Available data ::
--*--

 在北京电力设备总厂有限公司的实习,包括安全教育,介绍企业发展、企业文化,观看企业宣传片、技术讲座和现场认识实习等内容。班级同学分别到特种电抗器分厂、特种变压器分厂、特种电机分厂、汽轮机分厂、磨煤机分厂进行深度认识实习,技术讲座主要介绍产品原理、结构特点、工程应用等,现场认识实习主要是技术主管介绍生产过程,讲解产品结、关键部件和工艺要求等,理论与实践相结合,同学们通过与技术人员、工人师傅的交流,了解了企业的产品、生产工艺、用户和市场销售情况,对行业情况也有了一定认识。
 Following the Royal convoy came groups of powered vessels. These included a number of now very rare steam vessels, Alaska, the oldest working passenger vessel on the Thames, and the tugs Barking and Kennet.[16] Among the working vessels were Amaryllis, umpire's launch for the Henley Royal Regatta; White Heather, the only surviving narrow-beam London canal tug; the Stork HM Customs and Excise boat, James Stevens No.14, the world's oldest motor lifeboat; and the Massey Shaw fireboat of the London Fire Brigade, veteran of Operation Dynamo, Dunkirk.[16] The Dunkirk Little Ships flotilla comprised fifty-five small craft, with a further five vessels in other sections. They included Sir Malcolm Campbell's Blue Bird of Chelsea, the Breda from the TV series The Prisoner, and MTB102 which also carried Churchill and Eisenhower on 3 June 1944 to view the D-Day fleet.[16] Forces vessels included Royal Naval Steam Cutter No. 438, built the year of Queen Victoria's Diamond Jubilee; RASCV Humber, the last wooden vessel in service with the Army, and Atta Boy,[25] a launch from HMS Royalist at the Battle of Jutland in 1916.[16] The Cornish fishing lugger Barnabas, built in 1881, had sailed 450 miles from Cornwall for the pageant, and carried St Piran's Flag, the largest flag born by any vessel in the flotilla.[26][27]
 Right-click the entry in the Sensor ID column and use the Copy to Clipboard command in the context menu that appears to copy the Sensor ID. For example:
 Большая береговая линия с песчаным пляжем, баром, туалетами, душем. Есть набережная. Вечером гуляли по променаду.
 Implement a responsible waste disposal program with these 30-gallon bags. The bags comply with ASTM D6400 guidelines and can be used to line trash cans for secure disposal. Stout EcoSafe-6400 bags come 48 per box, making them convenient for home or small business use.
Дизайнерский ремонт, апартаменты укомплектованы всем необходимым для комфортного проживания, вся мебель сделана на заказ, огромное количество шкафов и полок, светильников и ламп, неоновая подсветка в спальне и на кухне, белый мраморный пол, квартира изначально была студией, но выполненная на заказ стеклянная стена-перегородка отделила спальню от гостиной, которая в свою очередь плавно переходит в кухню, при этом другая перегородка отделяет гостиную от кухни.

--*--

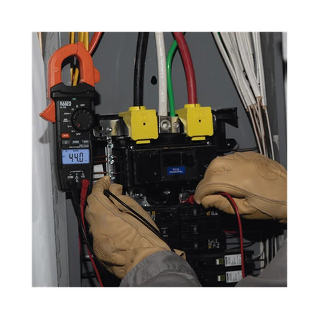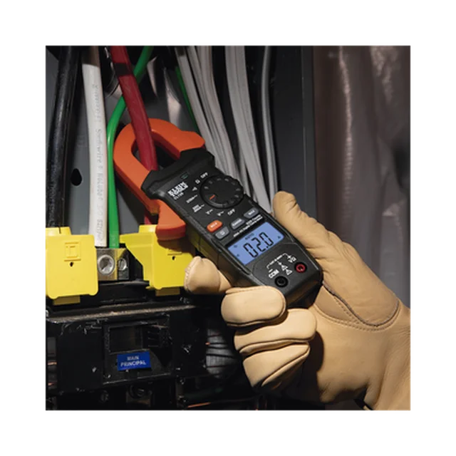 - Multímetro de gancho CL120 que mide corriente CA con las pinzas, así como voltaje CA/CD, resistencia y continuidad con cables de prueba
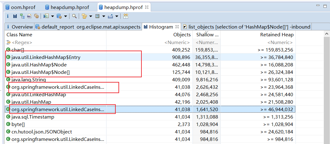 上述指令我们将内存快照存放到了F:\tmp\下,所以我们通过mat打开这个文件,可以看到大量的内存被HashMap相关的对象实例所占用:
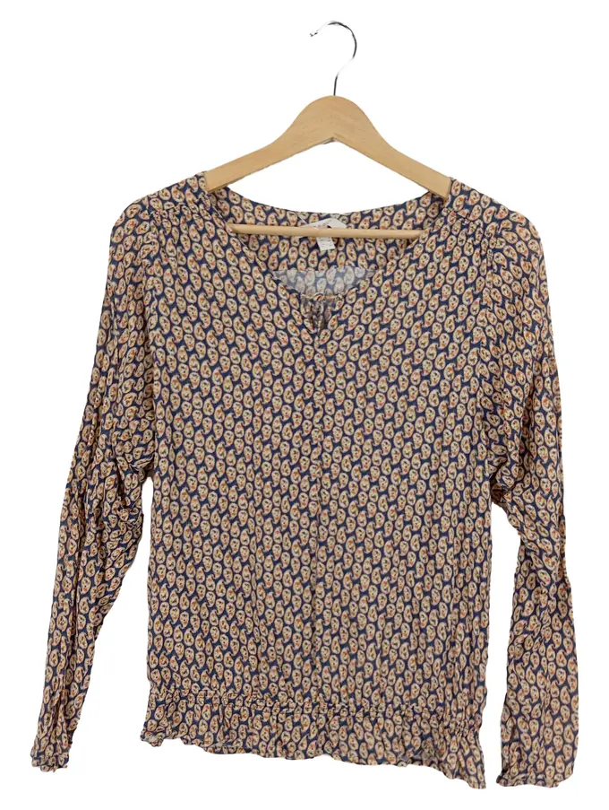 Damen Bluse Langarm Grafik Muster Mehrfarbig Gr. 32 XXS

--*--

Goal of the exercise :: From the line holding "- Multímetro de" to the line holding "Damen Bluse Langarm", both included, retype the entries above exactly and drop the pictures.

Solution to this task ::
 - Multímetro de gancho CL120 que mide corriente CA con las pinzas, así como voltaje CA/CD, resistencia y continuidad con cables de prueba
 上述指令我们将内存快照存放到了F:\tmp\下,所以我们通过mat打开这个文件,可以看到大量的内存被HashMap相关的对象实例所占用:
 Damen Bluse Langarm Grafik Muster Mehrfarbig Gr. 32 XXS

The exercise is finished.